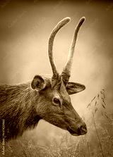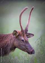 Young male elk with soft antlers grazes in fall
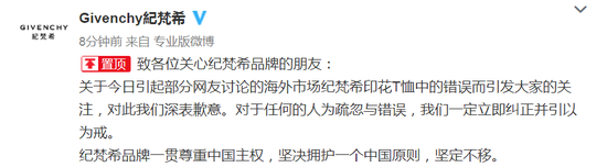 印花T恤中的錯誤而引發(fā)大家的關(guān)注,對此我們深表歉意。對于任何的人為疏忽與錯誤,我們一定立即糾正并引以為戒。紀(jì)梵希品牌一貫尊重中國主權(quán),堅決擁護一個中國原則,堅定不移。
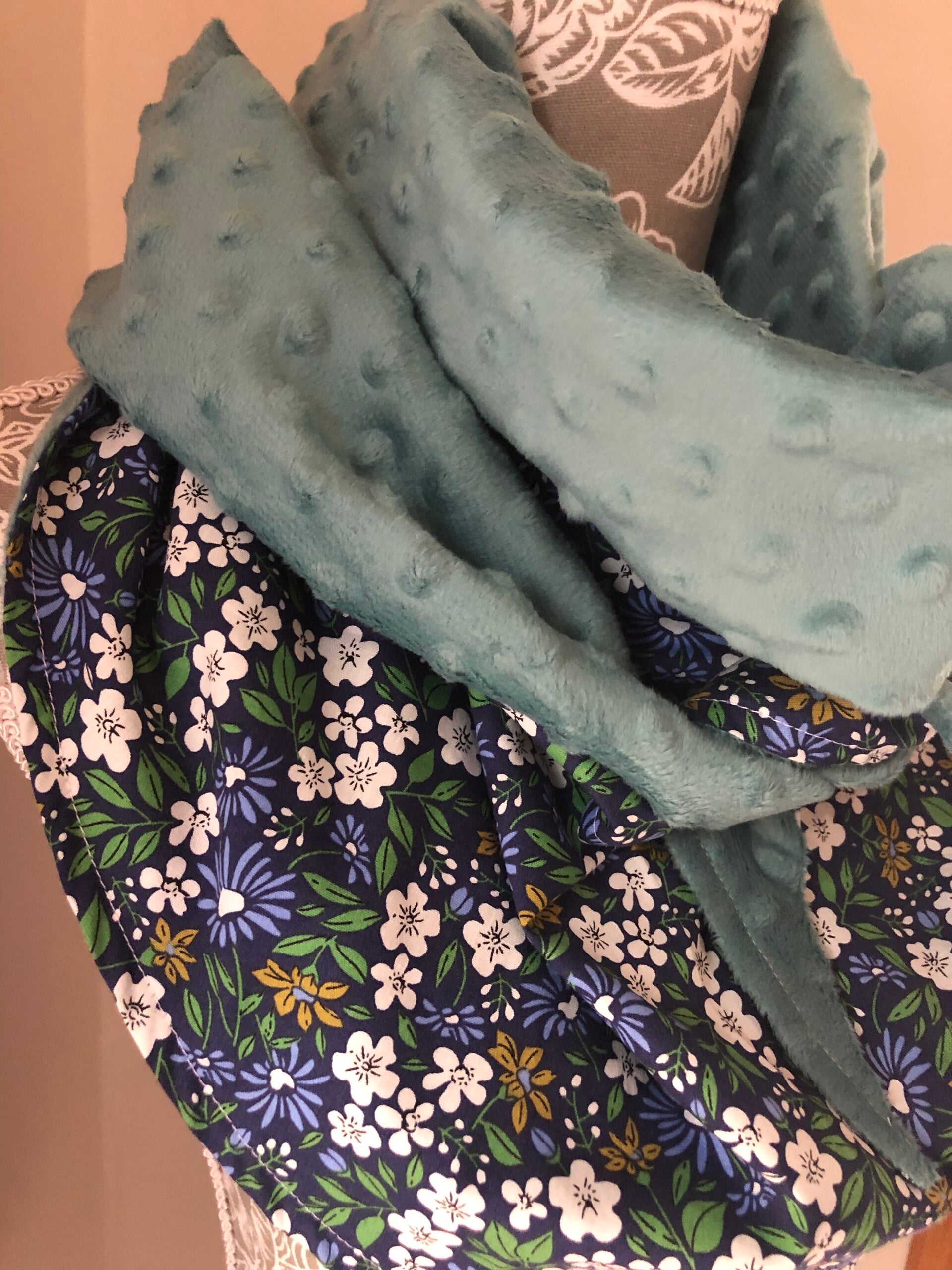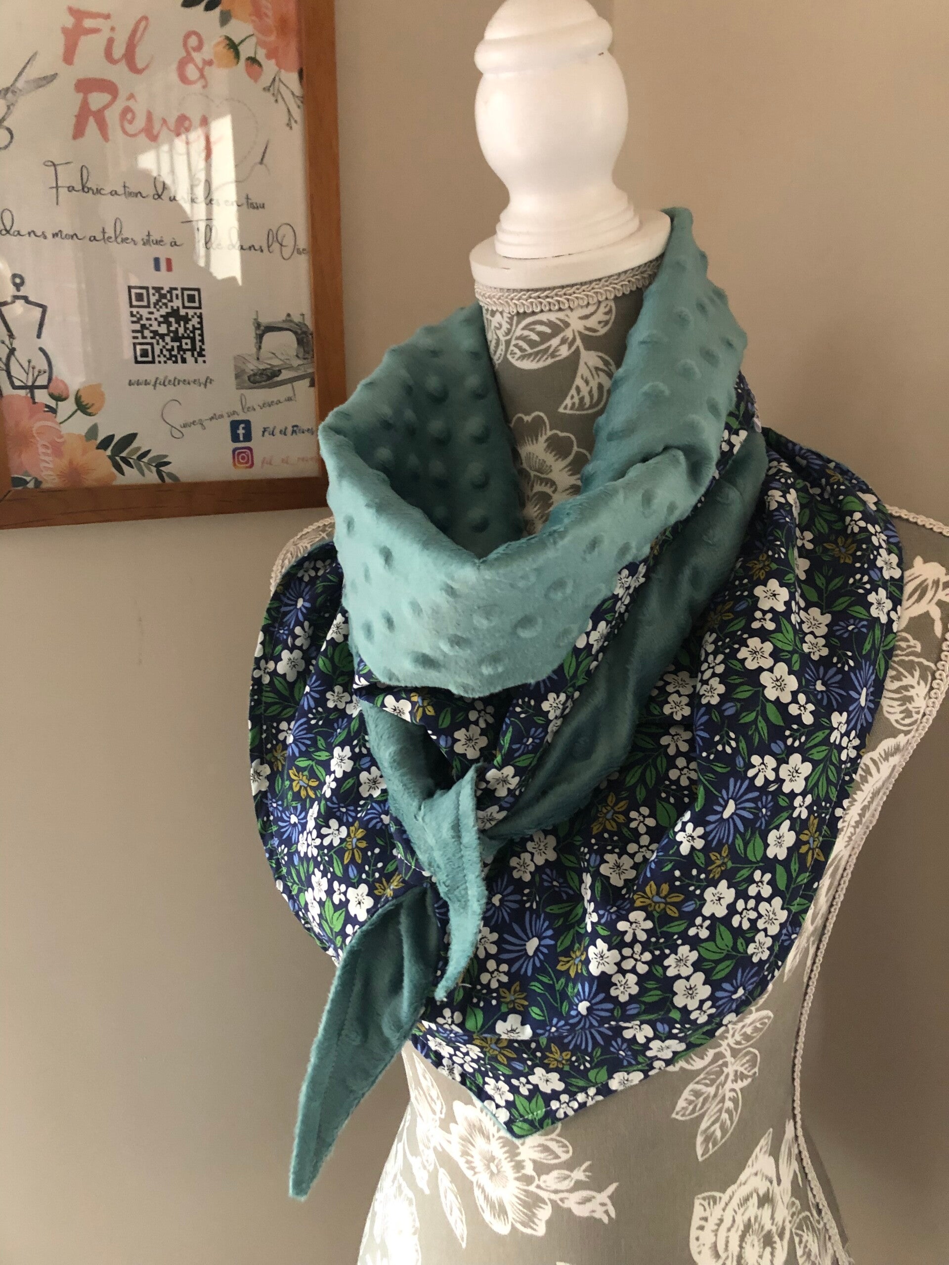 Chèche femme en coton petites fleurs bleu/vert/blanc doublé polaire pois menthe foncé

• **Task statement**: Once the pictures are set aside, give every line above again without alteration.

• **Problem solution**:
 Young male elk with soft antlers grazes in fall
 印花T恤中的錯誤而引發(fā)大家的關(guān)注,對此我們深表歉意。對于任何的人為疏忽與錯誤,我們一定立即糾正并引以為戒。紀(jì)梵希品牌一貫尊重中國主權(quán),堅決擁護一個中國原則,堅定不移。
 Chèche femme en coton petites fleurs bleu/vert/blanc doublé polaire pois menthe foncé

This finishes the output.